_RECORDS SUPPLIED_
Start of Block
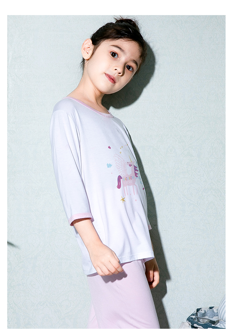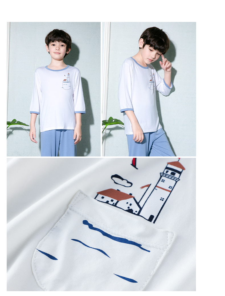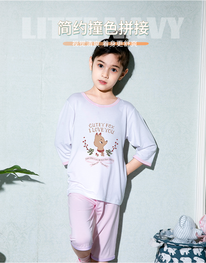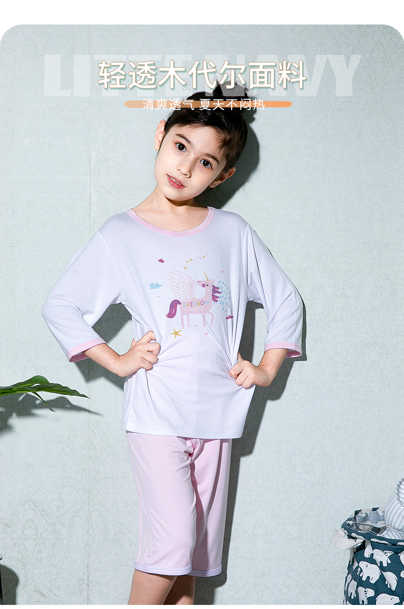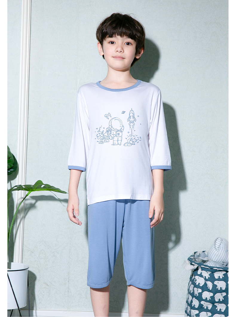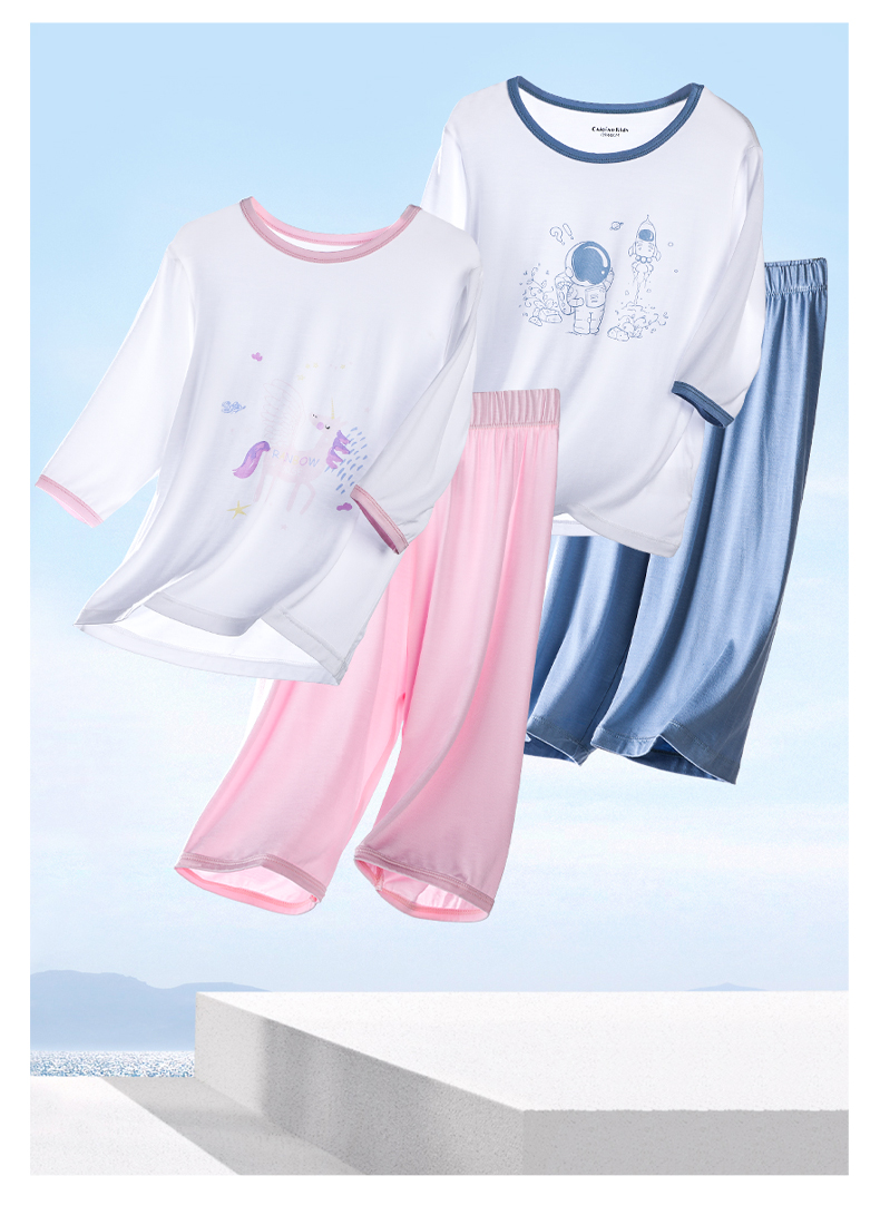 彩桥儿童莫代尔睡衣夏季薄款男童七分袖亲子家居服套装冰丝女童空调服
End of Block
Start of Block
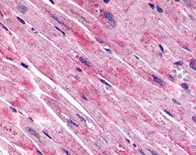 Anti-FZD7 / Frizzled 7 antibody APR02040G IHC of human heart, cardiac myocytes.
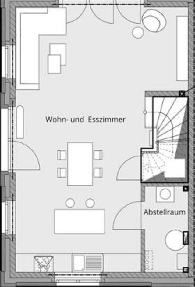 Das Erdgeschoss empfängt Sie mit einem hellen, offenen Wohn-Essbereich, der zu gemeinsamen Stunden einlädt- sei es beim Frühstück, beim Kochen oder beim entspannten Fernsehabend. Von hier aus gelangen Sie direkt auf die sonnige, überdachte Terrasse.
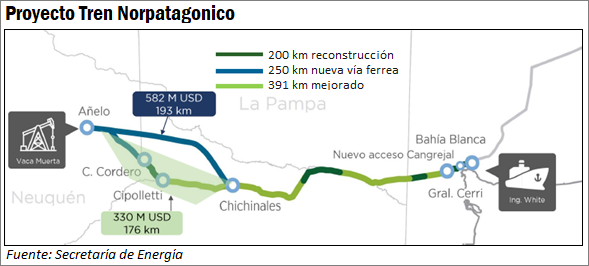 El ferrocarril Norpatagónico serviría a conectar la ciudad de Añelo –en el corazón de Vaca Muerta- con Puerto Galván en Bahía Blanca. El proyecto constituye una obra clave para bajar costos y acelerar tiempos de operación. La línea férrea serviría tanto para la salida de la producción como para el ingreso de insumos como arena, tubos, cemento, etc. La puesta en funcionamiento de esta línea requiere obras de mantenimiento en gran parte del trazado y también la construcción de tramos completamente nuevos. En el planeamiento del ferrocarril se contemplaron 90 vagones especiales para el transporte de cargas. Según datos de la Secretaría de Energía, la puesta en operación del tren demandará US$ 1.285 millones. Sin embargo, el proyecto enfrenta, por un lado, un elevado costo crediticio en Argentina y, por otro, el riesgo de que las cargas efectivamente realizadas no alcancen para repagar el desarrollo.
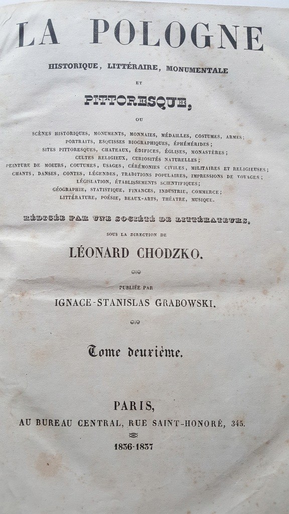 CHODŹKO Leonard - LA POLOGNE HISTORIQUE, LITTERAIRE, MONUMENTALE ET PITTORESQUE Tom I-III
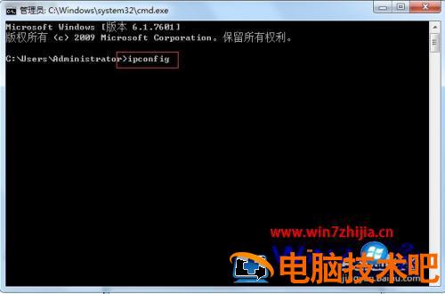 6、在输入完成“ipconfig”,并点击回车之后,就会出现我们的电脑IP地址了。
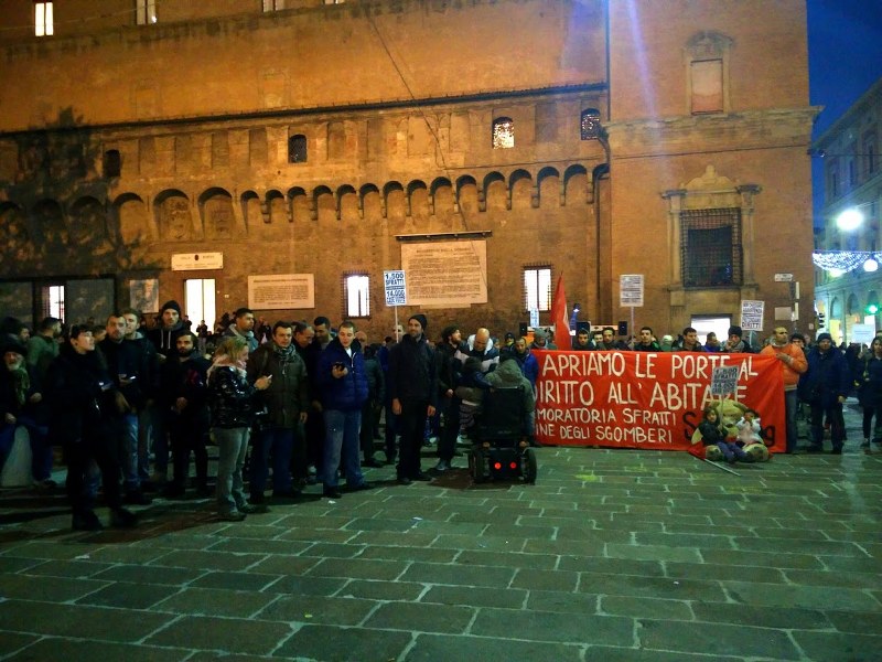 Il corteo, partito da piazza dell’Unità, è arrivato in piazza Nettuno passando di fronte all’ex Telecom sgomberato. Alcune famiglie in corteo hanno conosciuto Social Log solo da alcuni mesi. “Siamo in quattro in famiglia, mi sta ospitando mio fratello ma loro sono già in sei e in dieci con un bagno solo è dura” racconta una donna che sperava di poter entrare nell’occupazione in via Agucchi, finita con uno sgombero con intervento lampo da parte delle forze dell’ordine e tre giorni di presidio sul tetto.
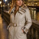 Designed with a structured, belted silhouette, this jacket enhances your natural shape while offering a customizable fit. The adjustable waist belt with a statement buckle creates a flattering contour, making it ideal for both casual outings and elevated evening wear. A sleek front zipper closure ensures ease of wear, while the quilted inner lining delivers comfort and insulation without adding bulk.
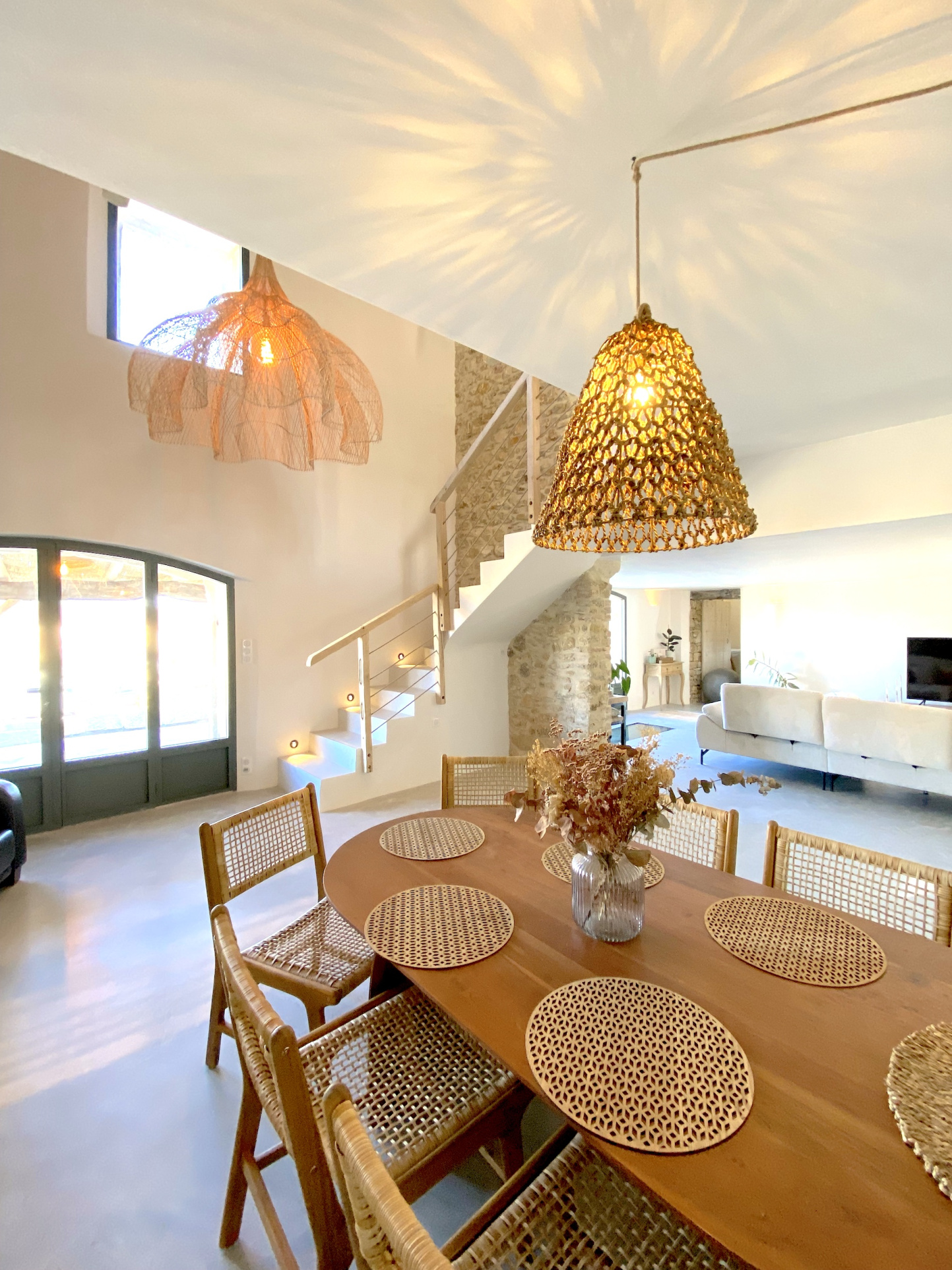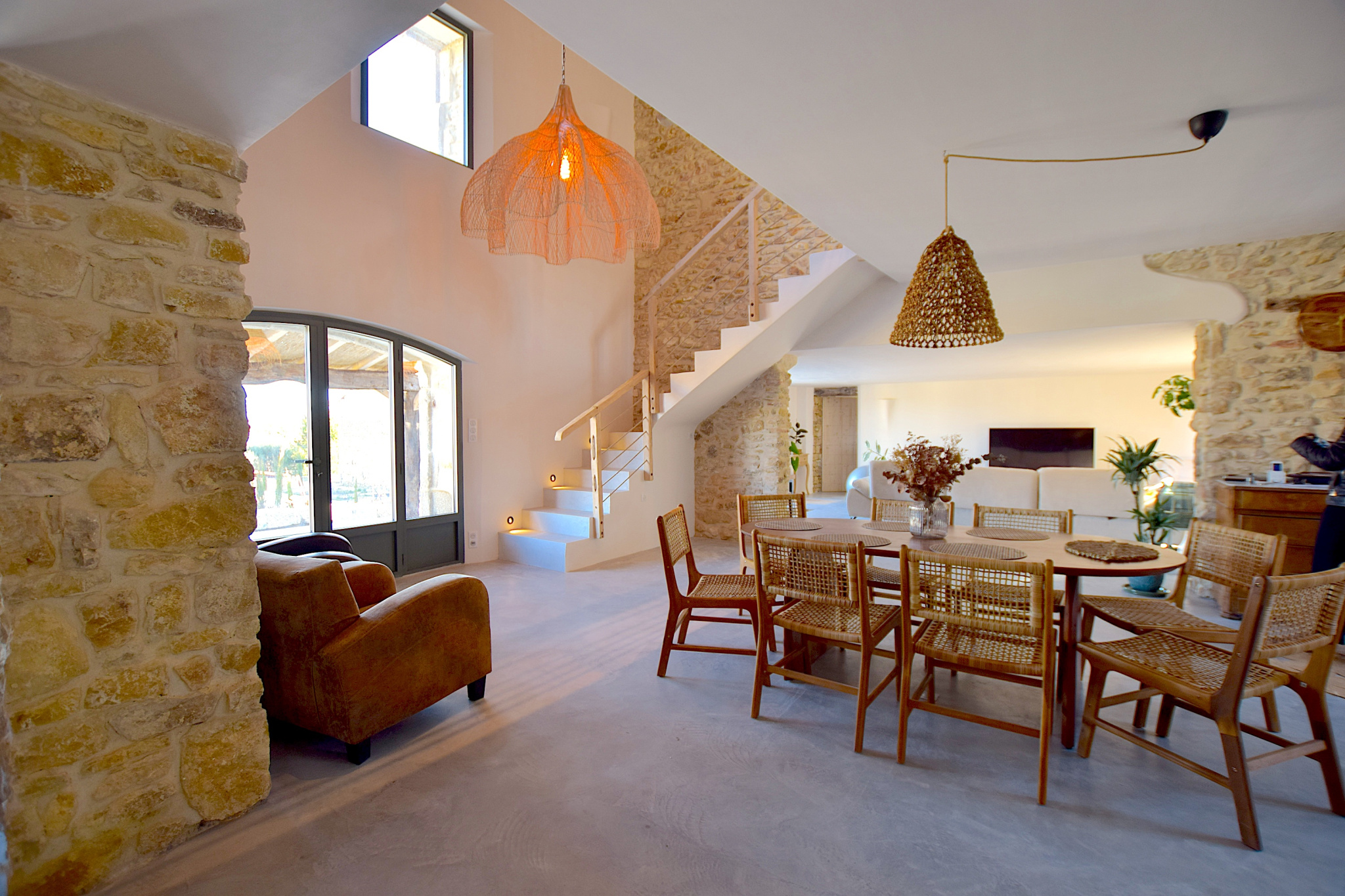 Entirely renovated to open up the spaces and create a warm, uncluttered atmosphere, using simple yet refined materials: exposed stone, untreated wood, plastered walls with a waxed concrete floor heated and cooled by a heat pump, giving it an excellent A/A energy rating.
End of Block
Starting with the line that has "Il corteo, partito" and going on through the line that has "Entirely renovated to", transcribe the records above exactly, but skip the pictures.

_TASK OUTPUT_
 Il corteo, partito da piazza dell’Unità, è arrivato in piazza Nettuno passando di fronte all’ex Telecom sgomberato. Alcune famiglie in corteo hanno conosciuto Social Log solo da alcuni mesi. “Siamo in quattro in famiglia, mi sta ospitando mio fratello ma loro sono già in sei e in dieci con un bagno solo è dura” racconta una donna che sperava di poter entrare nell’occupazione in via Agucchi, finita con uno sgombero con intervento lampo da parte delle forze dell’ordine e tre giorni di presidio sul tetto.
 Designed with a structured, belted silhouette, this jacket enhances your natural shape while offering a customizable fit. The adjustable waist belt with a statement buckle creates a flattering contour, making it ideal for both casual outings and elevated evening wear. A sleek front zipper closure ensures ease of wear, while the quilted inner lining delivers comfort and insulation without adding bulk.
 Entirely renovated to open up the spaces and create a warm, uncluttered atmosphere, using simple yet refined materials: exposed stone, untreated wood, plastered walls with a waxed concrete floor heated and cooled by a heat pump, giving it an excellent A/A energy rating.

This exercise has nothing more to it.